The earcups feel disproportionately high-quality in comparison to the rest of the headset, with memory foam padding and additional coating of artificial leather. Ultimately, the experience of wearing a headset relies on how comfortable they feel when you’re actually wearing them, and it seems like OneOdio has put a lot of the material cost into the earcups themselves, in hopes that comfort will beat out their overall build quality.
Dressed in a dashing matte-black, the OneOdio A30s are pretty unassuming, which gives them a more ‘stealthy’ aesthetic. The surface of the earcups is dressed with a tight-knit texture of concentric circles and the OneOdio logo in the middle. There is some additional branding on the top of the headband and sides of the headset, but it’s nothing gaudy or egregious. It appears as if the product design team at OneOdio has taken no risks – the A30s look like any other pair of wireless headphones you’ve ever seen, with the only available color listed as “Warehouse Black”. It’s a bit of a shame that there aren’t any other color options.
The OneOdio A30s feel soft around the ears, and the earcups are perhaps a little small for larger-eared people as they are closer to circular in shape than an oval. If your ears are on the larger side, you might want to steer clear. The hinges can be contorted into whichever way fits you best, which is a nice addition as even Sony’s entry-level ANC headsets are pretty limited.
The OneOdio A30s come in at a featherweight 0.45lbs/368g, which helps mitigate the less-than-generous padding on the headband. After an extended period of use, the earcups can get humid, thanks to the memory foam materials clamped to your head, although they are fairly comfortable, given the asking price.
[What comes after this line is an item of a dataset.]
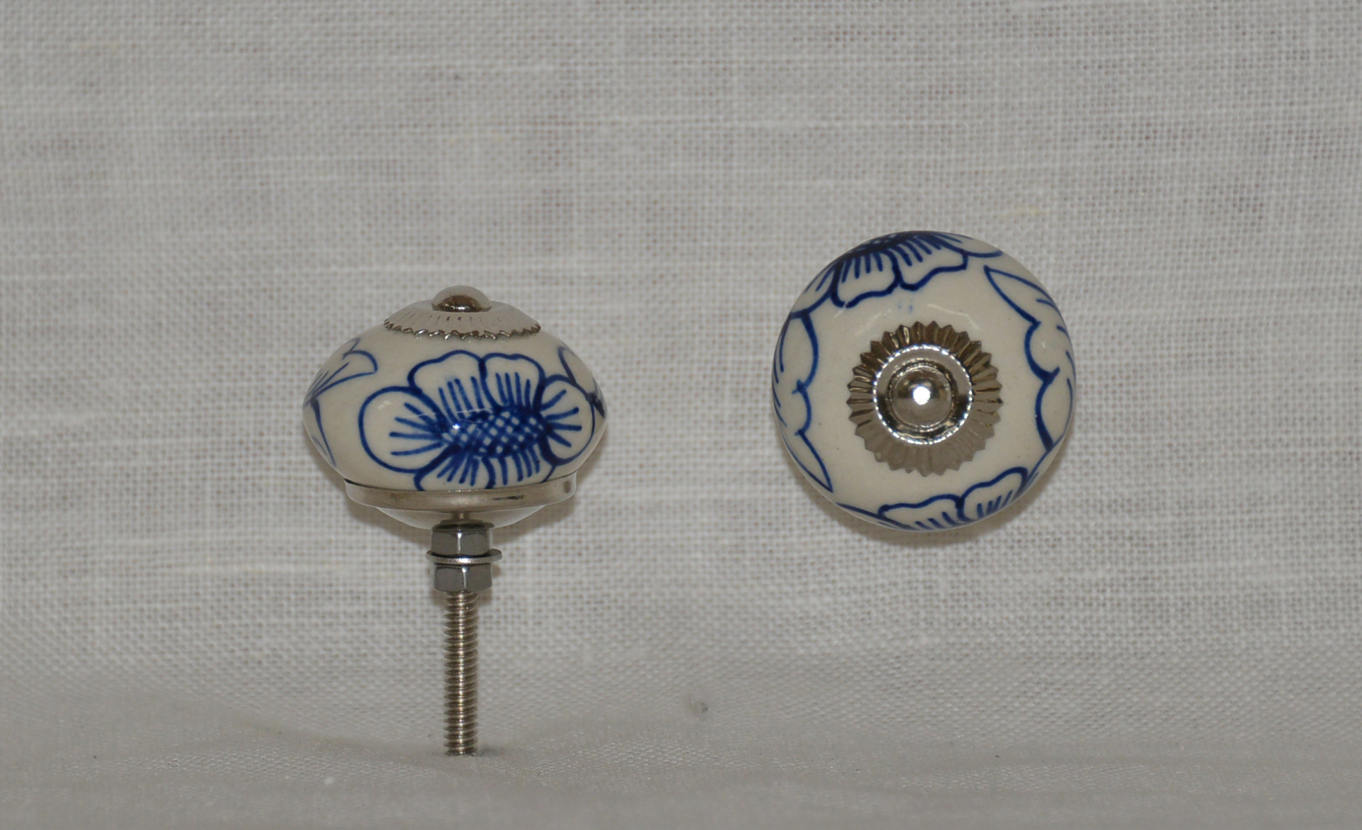 Popis produktu:Porcelánová úchytka krémová s modrými květy, průměr úchytky 40mm. Dodáváno i se šroubem - délka 40mm.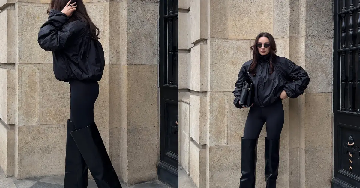 The black boots and matching handbag add a sleek touch, and the sunglasses give it a modern edge.

However, due to the stuffy earcups, we don’t recommend doing any physical activity in them.
These headphones have an impressively balanced soundscape, and a surprisingly powerful bass considering the unremarkable 40mm driver. The mids and highs come through with relative definition too. After a few weeks of daily listening to a variety of music genres, we’ve yet to find a notable flaw in the audio fidelity of the headphones. Some audiophiles may be left lukewarm, but the price point makes this a really solid value-for-money proposition. The battery life is very impressive too.
Active Noise Cancelling (ANC) works by using microphones on the exterior of the headphones to capture outside sounds. The onboard electronics then measure the wavelength and amplitude of the unwanted sounds and reproduce the same sound 180 degrees out of phase, thus cancelling them out. In theory, the wearer should only hear the sounds that they want to listen to. No ANC system is perfect and this technology is better at cancelling out consistent sounds, like car engines or loud fans.
The OneOdio A30s have decent ANC, nullifying ambient chatting noise in the office and provide a reasonable excuse to ignore your colleagues, which is always a bonus. These were tested on tram rides to and from the office, and were impressively effective at removing the frequent bumps and groaning noises from our surroundings. For those of you who’d like more info about the technology of Active Noise Cancelling there’s an informative and easy to read breakdown from SoundGuys.
The OneOdio A30 Active Noise Cancelling Headphones are close to being utterly fantastic. The comfort, design, and sound quality land far above the expectations we’d have from headphones costing this much, and the noise cancellation is very effective at removing background noise. We like them a lot.